Basis for the intersection of two spans

1. Aug 18, 2004

Try hard

Let S and T be two spans of vectors, what's the general method to find a basis for the intersection of S and T (SnT)? Thanks

2. Aug 19, 2004

Muzza

My thoughts:

Suppose, without loss of generality, that the vectors that span S and T are linearly independant (otherwise, we may remove the dependant vectors without changing the span). (I'm also assuming that the vectors come from the same vector space). Let S = Span{s_1, ..., s_n} and T = Span{t_1, ..., t_m}.

The intersection of S and T = {x; x = s_1a_1 + ... + s_na_n and x = t_1b_1 + ... t_mb_m, for some scalars a_1, ..., a_n, etc} = {the set of all solutions in a_1, etc to s_1a_1 + ... + s_na_n = t_1b_1 + ... t_mb_m}. Thus, finding a basis for the intersection is equivalent to finding a basis for the solution space of that particular equation. While I don't know how to proceed in the general case, it should be pretty easy for R^n, say. An example in R^3:

S = Span{ [1,1,1], [3,0,2] }
T = Span{ [0,2,1], [5,1,0] }

We're looking for a basis for the solution space to this equation:

a[1,1,1] + b[3,0,2] - c[0,2,1] - d[5,1,0] = [0,0,0]

<=>

[a + 3b + 5d, a - 2c + d, a + 2b - c] = [0,0,0]

<=>

{ a + 3b + 5d = 0
{ a - 2c - d = 0
{ a + 2b - c = 0

<=>

{ a = -17t
{ b = 4t
{ c = -9t
{ d = t, t is any scalar.

I.e. any vector in the intersection can be written on the form a[1,1,1] + b[3,0,2] = -17t[1,1,1] + 4t[3,0,2] = t[5,-17,-9], so { [5, -17, -9] } is a basis for the intersection.

Last edited: Aug 19, 2004
3. Sep 23, 2004

mathwonk

i.e. write equations for both spaces then find a basis of the simultaneous solutions of all the equations.

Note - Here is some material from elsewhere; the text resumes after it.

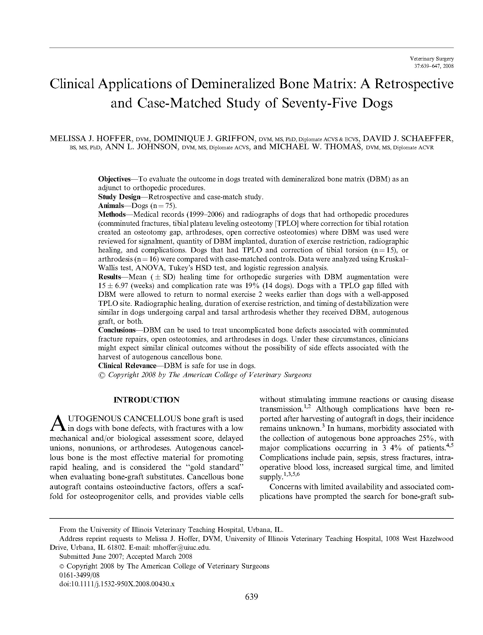 demineralized bone matrix: A retrospective and case-matched study of 75 dogs. Vet Surg. 37:639-647, 2008.
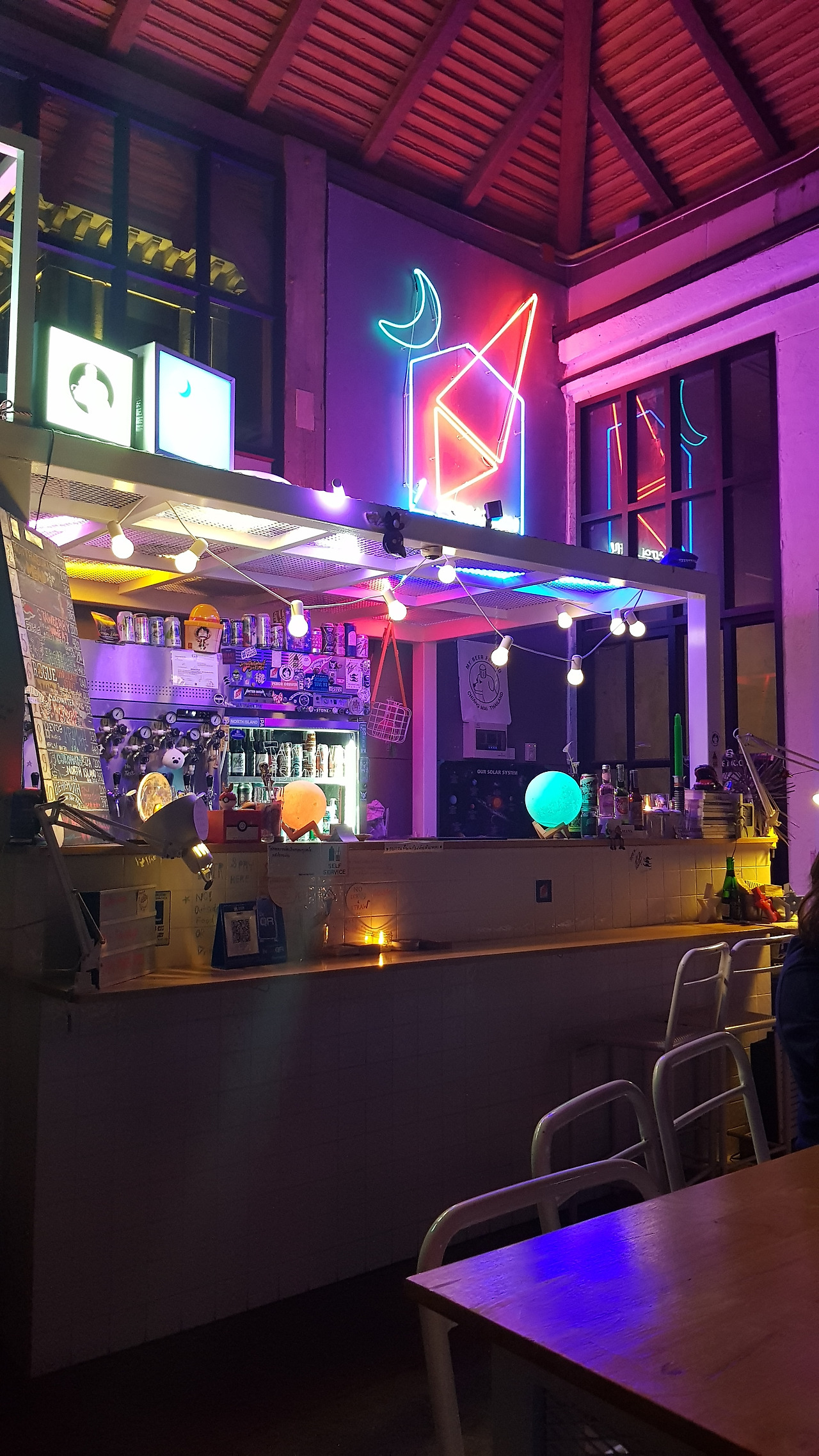 ★Parallel Universe of Lunar 2 on the Hidden Moon : 원님만 꼭대기에 있는 아주 길다란 이름의 작은 맥주집. 하루키의 소설 '1Q84'가 연상되는 이름이다. 안주류는 많지 않은데 같이 딸려 내오는 포테이토칩이 너무 맛있어서, 그 이후로 마트에 갈 때마다 비슷한 걸 찾아봤지만 못 찾았다. 물어볼 걸. 생맥주 리스트 2번에 있던 태국 꿀맥주가 아주 맛있었다. 테라스 좌석에 앉으면 님만해민의 야경을 한 눈에 볼 수 있는데 건물에서 툭 튀어 나온 구조라 약간 다리가 떨린다. 치앙마이 여행 중 최고로 낭만적이었던 곳. 식당은 아닌데 카페는 더더욱 아니므로 추가.

e.g. if V1,...,Vn is a basis for one space, and if W1,...,Wm is a basis for the second space, first find a basis X1,...,Xr for the space of vectors perpendicular to all the V's.

Then find a basis Y1,...Ys for the vectors perpendicular to all the W's.

Then finally find a basis for all the vectors perpendicular to all the X's and Y's.